Tuesday, January 29, 2008

A Cidade do Antigamente

Lembro-me ainda do tempo em que andava pelas ruas da cidade e acreditava, com muito exagero que, em breve, com um pouco de boa vontade, pratica e educadamente, conheceria toda a gente que havia para conhecer. Frequentava, nessa altura, o liceu feminino e vivia apavorada com as aulas de lavores. Nunca tive muita queda e, paciência? muito menos!, para bordados e malhas. Nunca consegui acabar uma única peça. Em compensação devorava os livros que me caíam nas mãos de fio a pavio. Às vezes escondia-os porque tinha a sensação que aqueles livros não deviam ser exactamente para a minha idade ou condição, mas na verdade ninguém se dava o cuidado de saber o que é que eu lia.
Aos fins de semana eu e as outras raparigas da mesma idade que também andavam a estudar, e ser estudante tinha então o cheiro particular do privilégio social e ser senhor doutor... ó a fineza!, mas continuando, aos fins de semana eu e as colegas, cheias de perliquitetes, enfiadas nos nossos trajos domingueiros, corríamos o "Passeio dos Tristes", instituição celebérrima, rua do Souto abaixo, rua do Souto acima, com uma breve paragem no jardim de Santa Bárbara e o lanche tomado no café Diana, em cuja entrada dardejava fulgurante na sua nudez a deusa da caça.
Pela parte que me tocava tinha horror a essas saídas em que semanalmente me sujeitava à audição de toda a praxe sonora que certa percentagem da população da cidade e refiro-me, naturalmente, aos rapazes julgavam fazer parte indispensável do assédio às saias. E verdade seja dita, as outras raparigas também achavam que sim e as mais atrevidas não poupavam nos comentários. Tínhamos horários rígidos para chegarmos a casa e eu cuidadosamente evitava dizer que tinha ido ao café, considerado nunca percebi porquê, um antro de devassidão para donzelas inocentes, que nada devia perturbar ou desviar do seu dever de castidade, prova inefável de que seríamos as esposas modelo que as nossas famílias em particular e toda a comunidade cristã em geral, fervorosamente e com meios punitivos se fosse caso disso, desejavam que fossemos.

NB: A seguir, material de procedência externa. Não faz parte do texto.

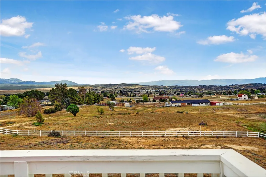 Stunning custom home in the gated community of Lake Riverside Estates featuring TWO primary suites and breathtaking views of Lake Riverside and Cahuilla Mountain, all set on over 2.5 acres of usable land. Designed with both comfort and flexibility in mind, this expansive home offers a bright and open floor plan with high ceilings, recessed lighting, tile flooring, new hardwood flooring on stairs to upper level and new main level AC with also including ceiling fans throughout. The chefs kitchen is a true centerpiece, showcasing granite countertops, an apron sink, center island, breakfast bar, stainless steel appliances, and a custom range hood, all framed by soaring vaulted ceilings and large windows that fill the space with natural light. The main level features a spacious primary suite with a sitting area, walk-in closet, crown molding and a well-appointed bathroom with a jetted tub and walk-in shower, along with two additional bedrooms conveniently located on the main floor. The living room offers a cozy fireplace and French doors that enhance the indoor-outdoor flow, while a formal dining room provides the perfect setting for gatherings. Upstairs, a second private primary suite offers incredible versatility with its own bathroom, dual closets, coffee bar, a mini refrigerator, plus its own AC, heating system, and tankless water heater, making it ideal as a guest retreat, multigenerational living area, game room, or home office. Enjoy peaceful mornings or evening sunsets from the private balcony overlooking the surrounding landscape, gorgeous mountain views and a lake view

Naquele tempo altura a única coisa que eu realmente queria era ser adulta e fazer tudo o que me desse na real gana. Supunha eu que quando fosse crescidinha beberia rum se me apetecesse e seria imune a qualquer tipo de chantagem e castigos variáveis e óbvios com que frequentemente me ameaçavam. Teria fugido de casa aos treze anos se soubesse de outro lugar onde pudesse viver. Mas não sabia e tinha medo. Por isso continuava a viver na cidade dos olhos colados nas persianas das casas azulejadas e cheirando a bafio como as velhas igrejas que a todas as horas do dia faziam badalar a voz calma e solene dos sinos. Sonhava com mundos diferentes, outras gentes, Eldorados, que pensava talvez existissem algures e se não retirei daí a ilação de que também eu existia, como Descartes, foi porque o corpo serviu-me sempre como prova suficiente para o delito da existência.
Quanto a certezas não as tinha, mas mais tarde percebi que a morte era uma certeza. Seria minha quando eu a quisesse ou mesmo não querendo, se assim aprouvesse à minha negra tecedeira.